## Exercise prompt
After dropping the pictures, give again exactly the lines of the data from its first line through the line with "全國優(yōu)質(zhì)", which is included as well.

## Data provided
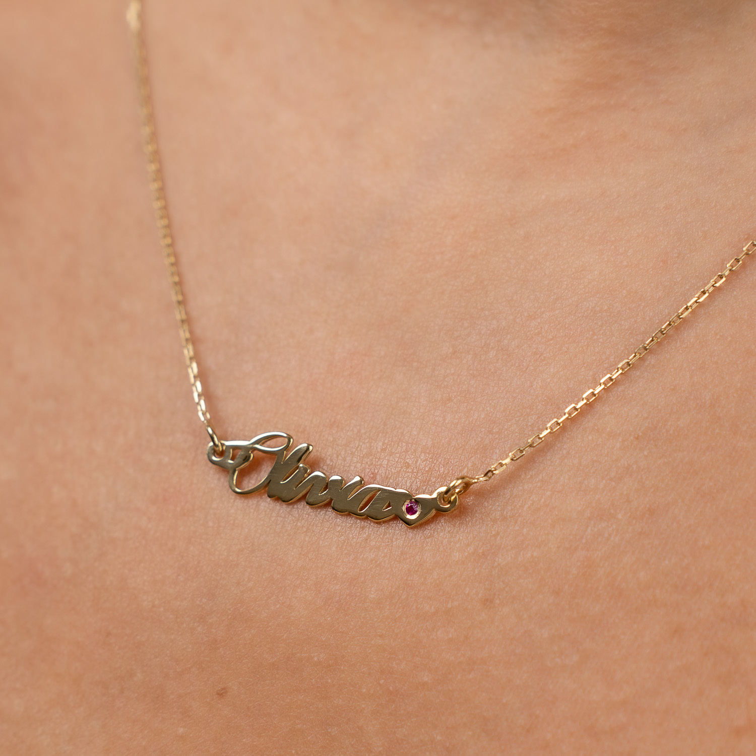 Colier Personalizat cu Nume si Inima Decorata cu Rubin – Eleganta Emotiei
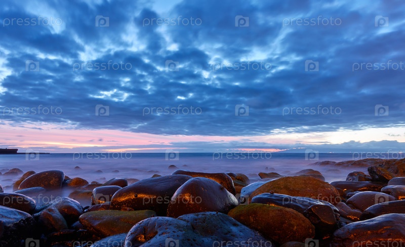 Море после захода солнца и пляж с большими камнями
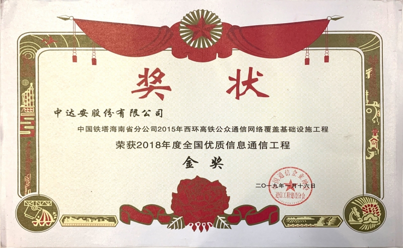 全國優(yōu)質(zhì)信息通信工程金獎(jiǎng)-中國鐵塔海南省分公司2015年西環(huán)高鐵公眾通信網(wǎng)絡(luò)覆蓋基礎(chǔ)設(shè)施工程
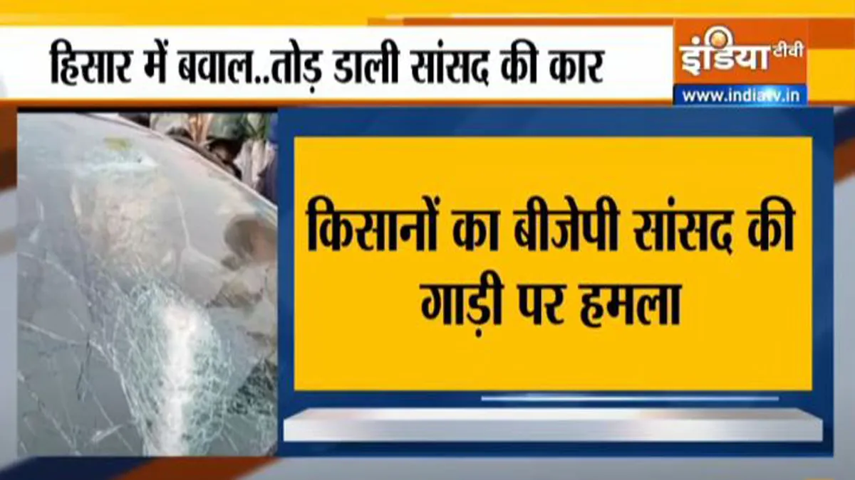 हिसार: हरियाणा के हिसार में शुक्रवार को किसानों ने राज्यसभा सांसद रामचंद्र जांगड़ा पर हमला कर दिया। इस हमले में किसानों ने सांसद की गाड़ी का शीशा तोड़ दिया। रामचंद्र जांगड़ा नारनौंद में विश्वकर्मा समाज की एक धर्मशाला का शिलान्यास करने गए थे। पुलिस ने हालात पर काबू पाने के लिए किसानों पर लाठीचार्ज कर दिया। लाठीचार्ज में कई किसानों के घायल होने की खबर है। पुलिस ने कार्रवाई करते हुए कई किसानों को हिरासत में भी लिया है।
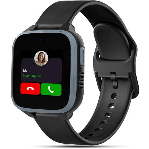 XPLORA Kidzi – Klocktelefon för barn (SIM ingår) 4G - Samtal, Meddelanden, Skolläge, SOS-funktion, GPS, Kamera och Stegräknare - inkluderar 3 månaders gratis abonnemang (SVART)
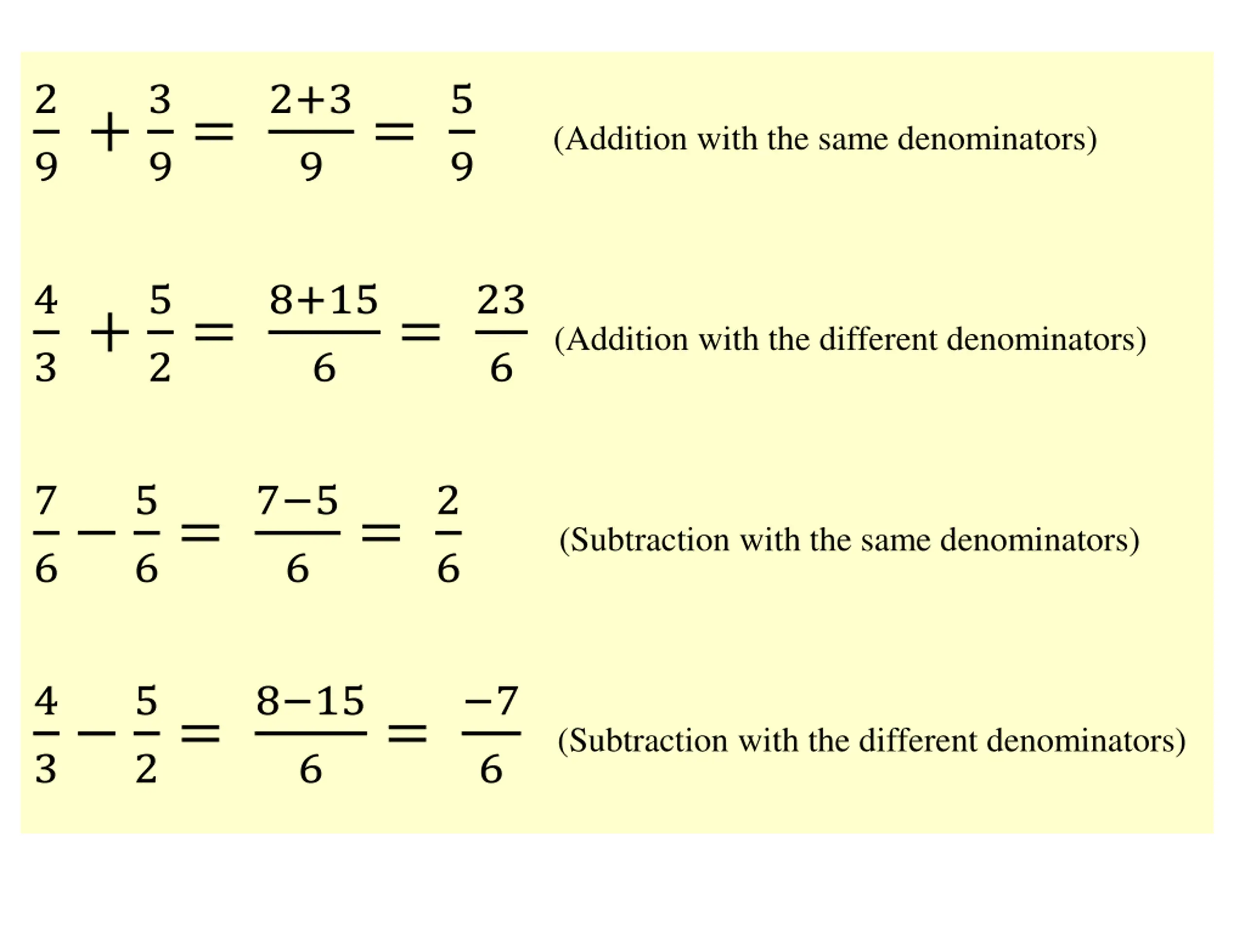 2 9+3 2+3 9 5 9 9= = (Addition with the same denominators) 4 3+5 8+15 6 23 6 2= = (Addition with the different denominators) 7 6 5 7 5 6 2 6 6= = (Subtraction with the same denominators) 4 3 5 8 15 6 7 6 2= = (Subtraction with the different denominators)
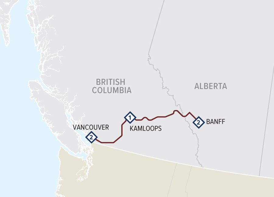 - 3 nights hotel: Vancouver, Kamloops and Banff
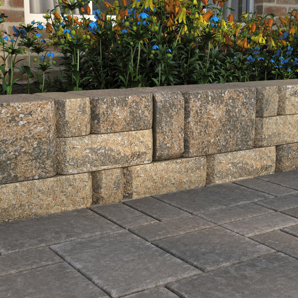 • Split face texture offers a more rugged stone appearance, exposing the inner aggregates and giving depth to each block
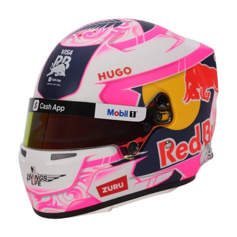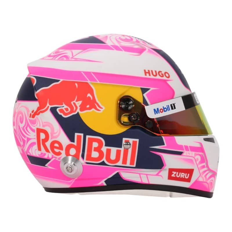 With one of the most distinctive designs on the 2025 Formula 1 grid, Liam Lawson’s helmet makes a statement with its vibrant pink and white livery – a modern tribute to his New Zealand roots. Inspired by his homeland, Lawson’s helmet features a bold pink and white combination, along with national symbols that reflect New Zealand’s cultural pride: Maori motifs, the silver fern, and the stars of the Southern Cross. A striking and meaningful design that stands out on and off the track. There is high-quality detailing around the HANS device clips, adjustable visor and chin straps.

## Written response
 Colier Personalizat cu Nume si Inima Decorata cu Rubin – Eleganta Emotiei
 Море после захода солнца и пляж с большими камнями
 全國優(yōu)質(zhì)信息通信工程金獎(jiǎng)-中國鐵塔海南省分公司2015年西環(huán)高鐵公眾通信網(wǎng)絡(luò)覆蓋基礎(chǔ)設(shè)施工程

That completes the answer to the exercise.